Menurutnya keputusan KPU Makassar diduga tidak profesional dalam memberhentikan 8 anggota PPS di Kecamatan Tamalate.

Eks anggota PPS Manccini Sombala, Israq menilai pemberhentian 8 anggota PPS Tamalate tidak sesuai dengan prosedur dan tidak profesional karna tidak melalui beberapa tahapan seperti yang diatur dalam Keputusan KPU Nomor 337 Tahun 2020.

“Surat Keputusan KPU Makassar soal pemberhentian panitia pemungutan suara (PPS) dengan tuduhan pelanggaran kode etik penyelenggara pemilu 2024, dinilai tidak prosedural dan diduga jauh dari kata profesionalisme kerja KPU Kota makassar,” ungkap Israq kepada rakyat news, Jum’at (14/7/2023).

Lanjut ia mengungkapkan mestinya KPU Makassar jauh lebih memperhatikan SK KPU No. 337 dalam memberikan sanksi kepada penyelenggara adhoc baik tingkat PPK, PPS maupun KPPS. Sehingga bisa memberikan rasa keadilan dalam membuat keputusan.

“Surat keputusan KPU Nomor 337 tersebut diatur secara seksama dan terperinci bagaimana proses dan tahapan penjatuhan sanksi jika terdapat penyelenggara adhoc baik tingkat PPK, PPS maupun KPPS ketika mereka melakukan pelanggaran,” katanya.

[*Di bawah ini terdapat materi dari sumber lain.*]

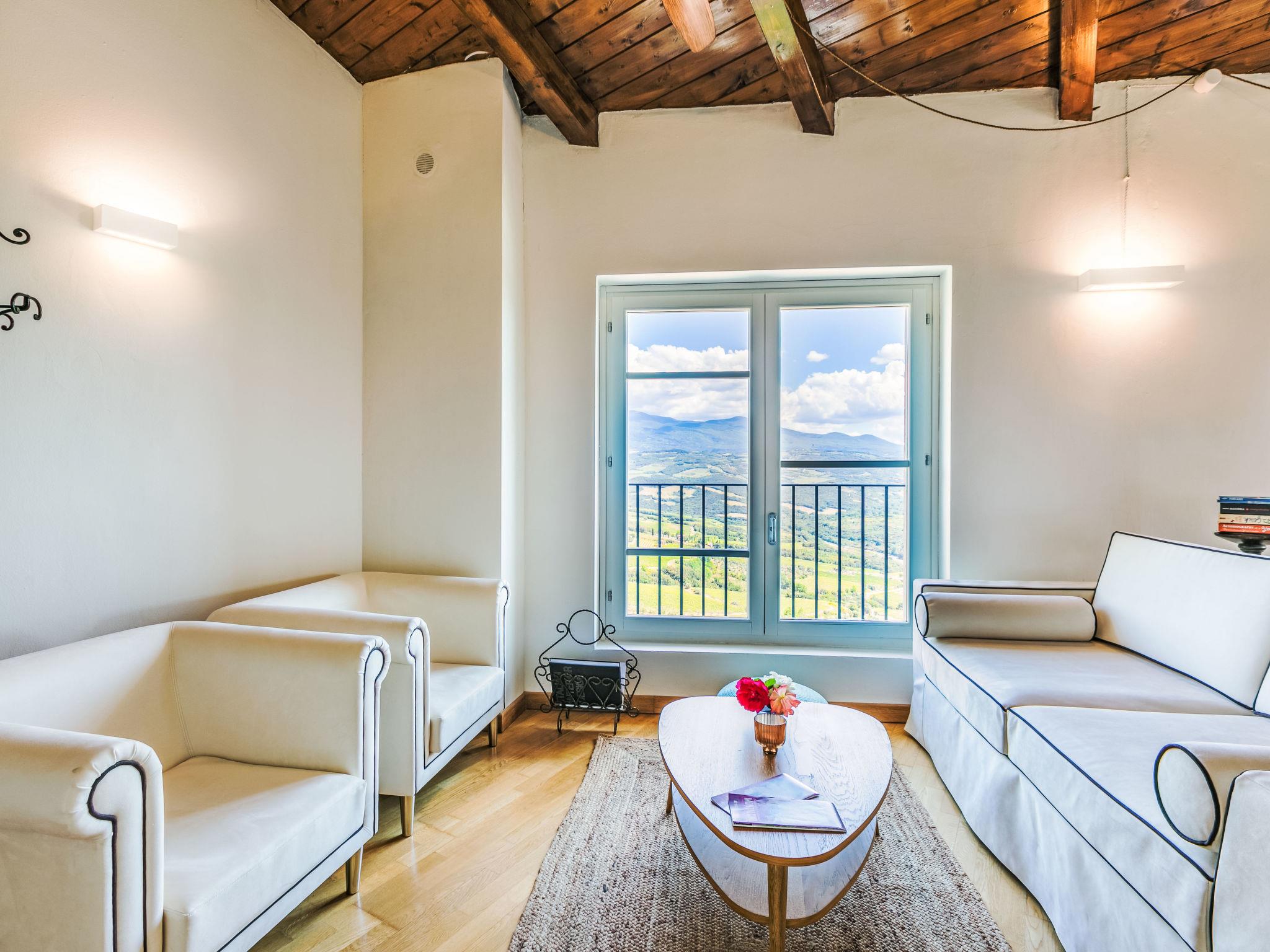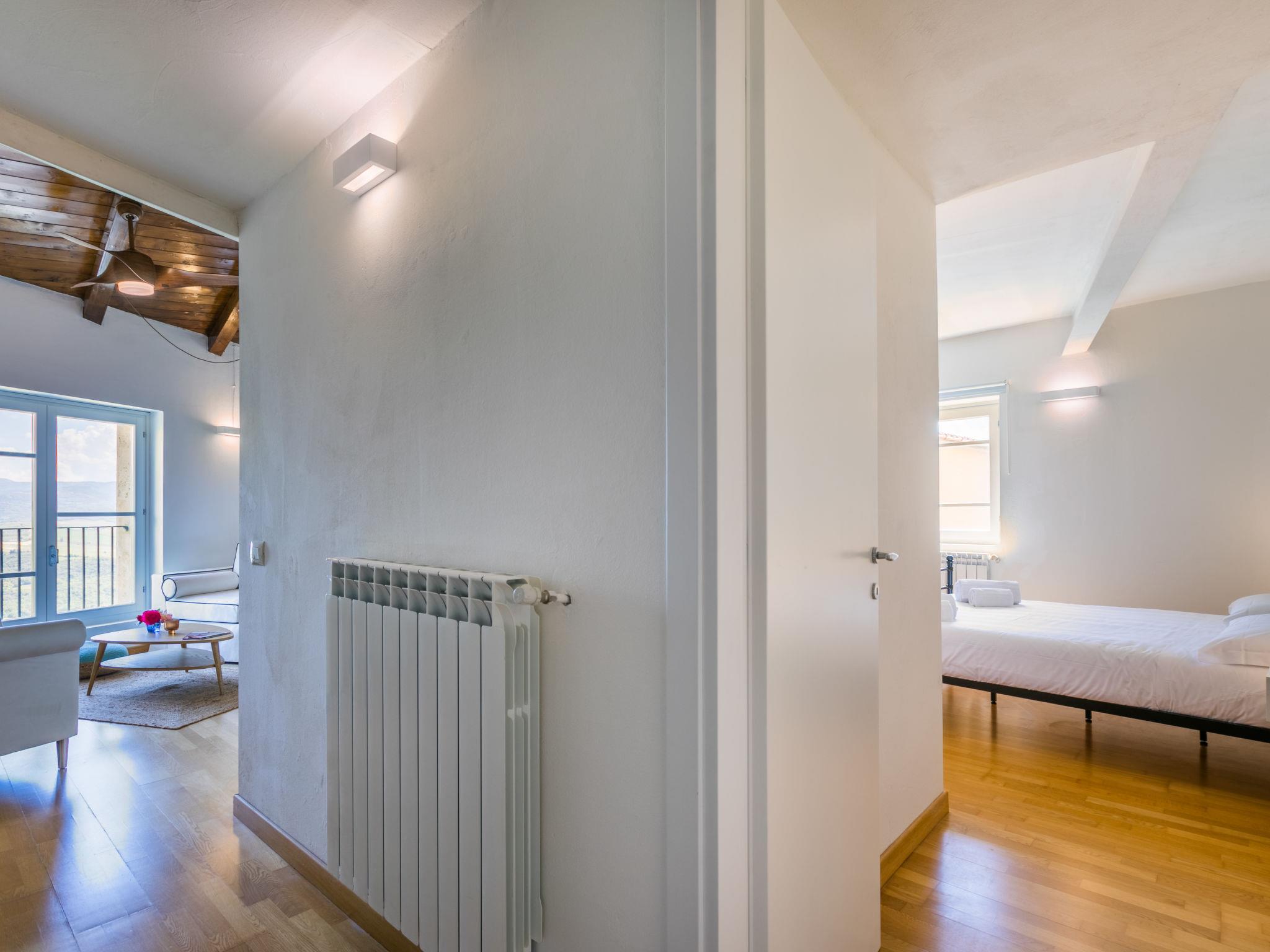 "Casa del Sole", 4-room apartment 98 m2 on 1st floor. Bright, beautiful and tasteful furnishings: living/dining room with panoramic window. 3 double bedrooms, each room with shower/bidet/WC. Open kitchen (oven, dishwasher, 4 induction hot plates, toaster, kettle, microwave, electric coffee machine) with dining table. Gas heating. Natural stone floors. Marvellous panoramic view of the countryside. Facilities: iron, children's high chair, baby cot for up to 2 year olds, hair dryer. Internet (WiFi, free). Parking, garage on the property (1 car) at the house. Please note: non-smokers only. Maximum 1 pet/ dog allowed. Private entrance. IT052037B4IOL5MVE7

Selain itu, ia menyampaikan sebelum menerima SK pemberhentian dari KPU Kota Makassar, 8 PPS ini hanya diundang satu kali undangan klarifikasi via zoom.

“Delapan PPS ini hanya satu kali diundang klarifikasi oleh KPU Kota Makassar, yakni tanggal 22 juni 2023 dan proses klarifikasinya hanya lewat zoom. Setelah itu terbitlah surat pemberhentian,” tuturnya.

Mestinya sebelumnya pemberhentian PPS kata Israq, KPU Makassar menggelar sidang kode etik sebelum melakukan pemberhentian PPS yang diduga melanggar. Mestinya kami diberi kesempatan untuk melakukan pembelaan atas apa yang disangkakan akan tetapi yang dipraktikkan KPU Kota Makassar sangat berbeda dan tidak ada ruang bagi PPS untuk melakukan pembelaan.